• Task details:
Among the entries below, please repeat exactly and only the lines from the line containing "KYOTO - MAY" to the line containing "漫步者 Lolli Clip价格:599元推荐理由:音质好,防水高,佩戴稳固,日常的使用需求完全可以满足", both lines included.

• Data shown:
◆ ◆ ◆ ◆ ◆

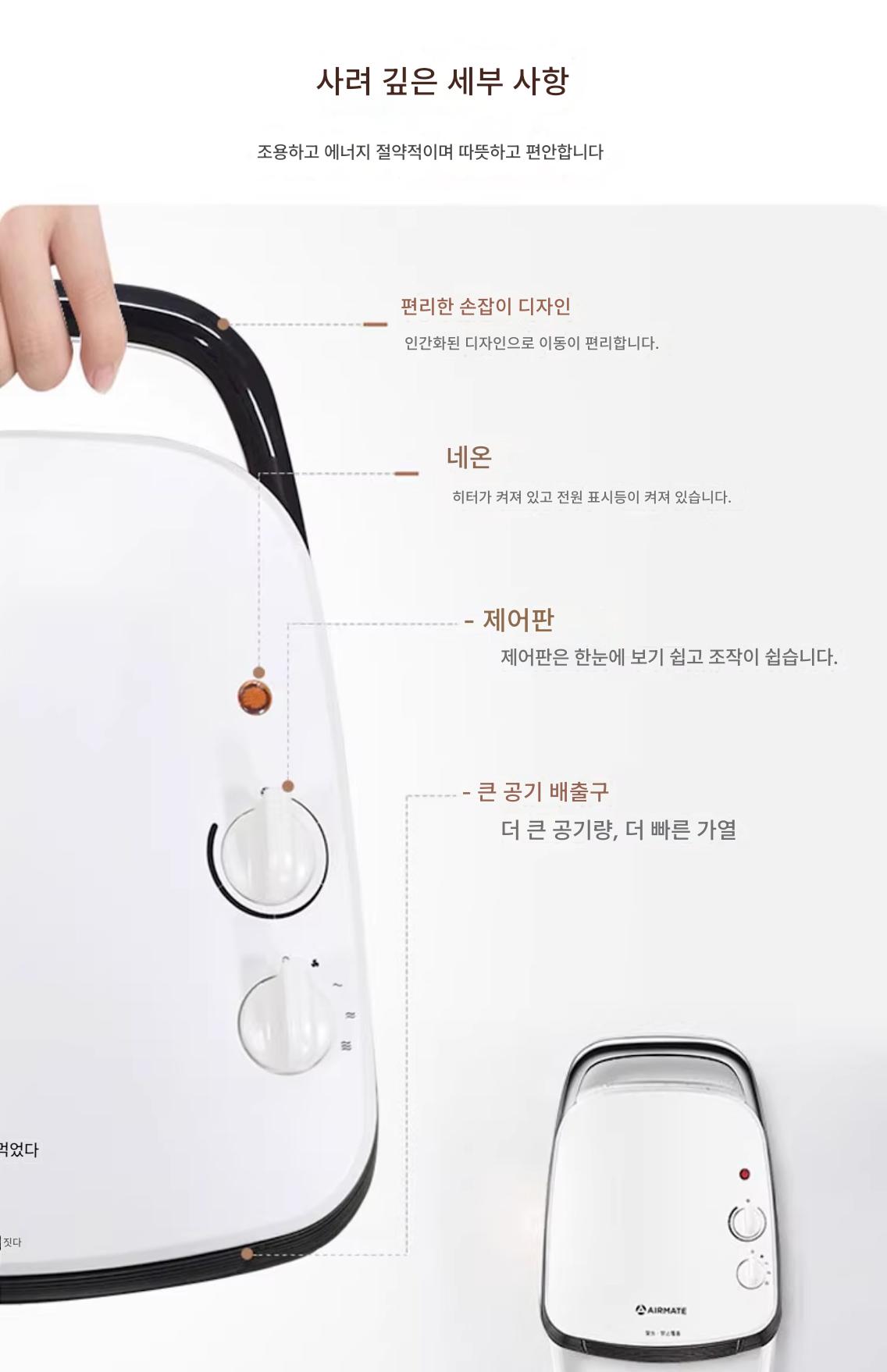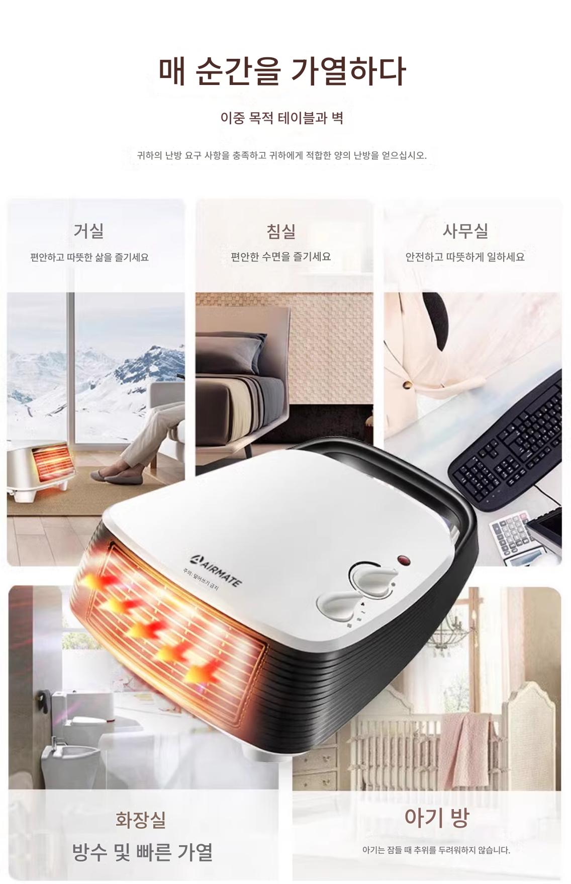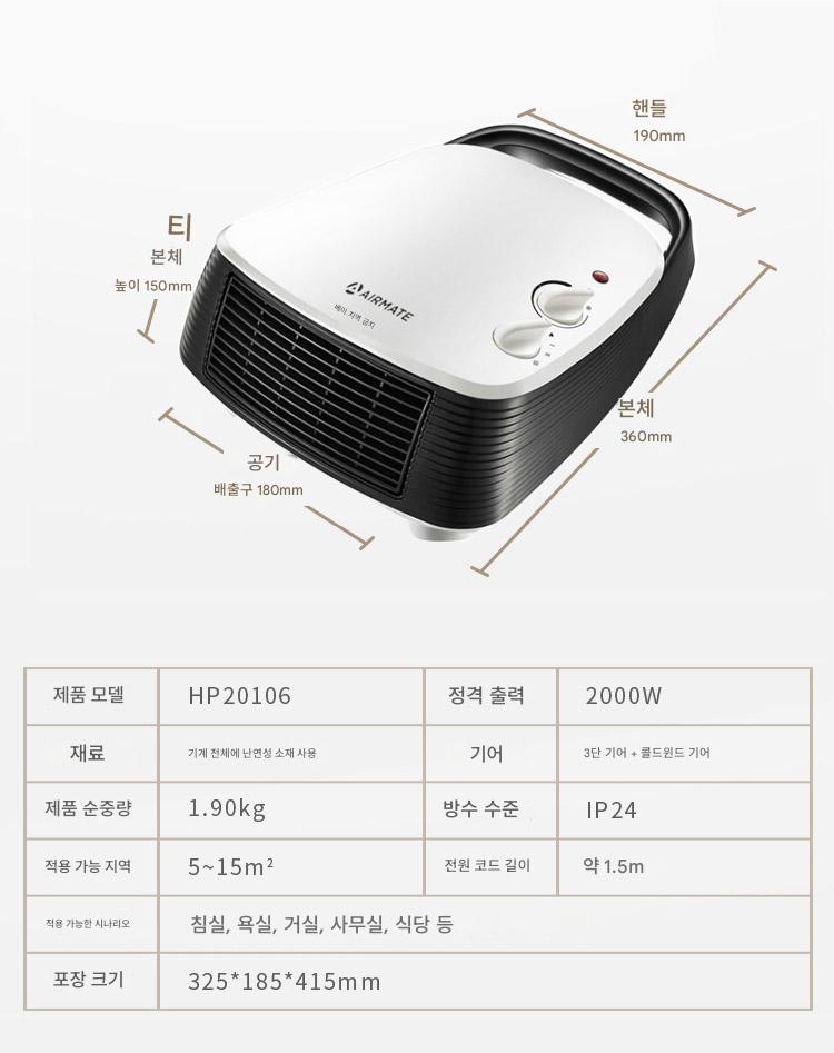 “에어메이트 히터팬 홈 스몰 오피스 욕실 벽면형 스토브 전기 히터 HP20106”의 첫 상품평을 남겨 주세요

◆ ◆ ◆ ◆ ◆

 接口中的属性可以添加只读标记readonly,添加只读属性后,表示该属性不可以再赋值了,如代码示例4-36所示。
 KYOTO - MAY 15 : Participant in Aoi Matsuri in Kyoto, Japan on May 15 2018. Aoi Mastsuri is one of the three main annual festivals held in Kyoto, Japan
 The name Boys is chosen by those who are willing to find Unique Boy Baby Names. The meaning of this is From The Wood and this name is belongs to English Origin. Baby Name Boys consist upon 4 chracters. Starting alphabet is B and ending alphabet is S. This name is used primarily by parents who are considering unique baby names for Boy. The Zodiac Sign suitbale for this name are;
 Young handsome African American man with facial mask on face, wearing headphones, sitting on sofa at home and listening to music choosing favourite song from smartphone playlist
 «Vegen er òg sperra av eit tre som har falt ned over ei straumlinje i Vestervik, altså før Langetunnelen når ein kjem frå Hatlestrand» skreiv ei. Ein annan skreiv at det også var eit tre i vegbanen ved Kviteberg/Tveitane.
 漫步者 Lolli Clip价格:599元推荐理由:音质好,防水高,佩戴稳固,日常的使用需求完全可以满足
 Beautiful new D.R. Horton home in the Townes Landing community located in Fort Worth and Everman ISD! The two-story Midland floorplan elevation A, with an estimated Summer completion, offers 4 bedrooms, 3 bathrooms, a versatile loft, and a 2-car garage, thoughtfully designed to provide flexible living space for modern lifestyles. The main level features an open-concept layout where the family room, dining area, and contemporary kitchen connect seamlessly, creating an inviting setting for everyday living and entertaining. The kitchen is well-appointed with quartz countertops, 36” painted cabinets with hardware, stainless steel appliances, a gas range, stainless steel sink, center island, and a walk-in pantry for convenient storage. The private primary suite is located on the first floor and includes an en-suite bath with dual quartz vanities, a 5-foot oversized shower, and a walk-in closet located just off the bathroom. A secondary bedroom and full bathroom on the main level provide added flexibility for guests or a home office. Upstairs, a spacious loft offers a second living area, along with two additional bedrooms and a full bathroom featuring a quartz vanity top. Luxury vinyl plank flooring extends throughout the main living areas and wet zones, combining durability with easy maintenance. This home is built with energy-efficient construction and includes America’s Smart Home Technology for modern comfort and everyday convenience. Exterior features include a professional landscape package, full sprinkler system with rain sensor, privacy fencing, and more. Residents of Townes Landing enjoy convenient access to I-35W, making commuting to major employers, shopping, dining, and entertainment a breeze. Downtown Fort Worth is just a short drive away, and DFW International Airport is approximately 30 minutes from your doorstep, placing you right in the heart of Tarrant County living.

◆ ◆ ◆ ◆ ◆

• Task result:
 KYOTO - MAY 15 : Participant in Aoi Matsuri in Kyoto, Japan on May 15 2018. Aoi Mastsuri is one of the three main annual festivals held in Kyoto, Japan
 The name Boys is chosen by those who are willing to find Unique Boy Baby Names. The meaning of this is From The Wood and this name is belongs to English Origin. Baby Name Boys consist upon 4 chracters. Starting alphabet is B and ending alphabet is S. This name is used primarily by parents who are considering unique baby names for Boy. The Zodiac Sign suitbale for this name are;
 Young handsome African American man with facial mask on face, wearing headphones, sitting on sofa at home and listening to music choosing favourite song from smartphone playlist
 «Vegen er òg sperra av eit tre som har falt ned over ei straumlinje i Vestervik, altså før Langetunnelen når ein kjem frå Hatlestrand» skreiv ei. Ein annan skreiv at det også var eit tre i vegbanen ved Kviteberg/Tveitane.
 漫步者 Lolli Clip价格:599元推荐理由:音质好,防水高,佩戴稳固,日常的使用需求完全可以满足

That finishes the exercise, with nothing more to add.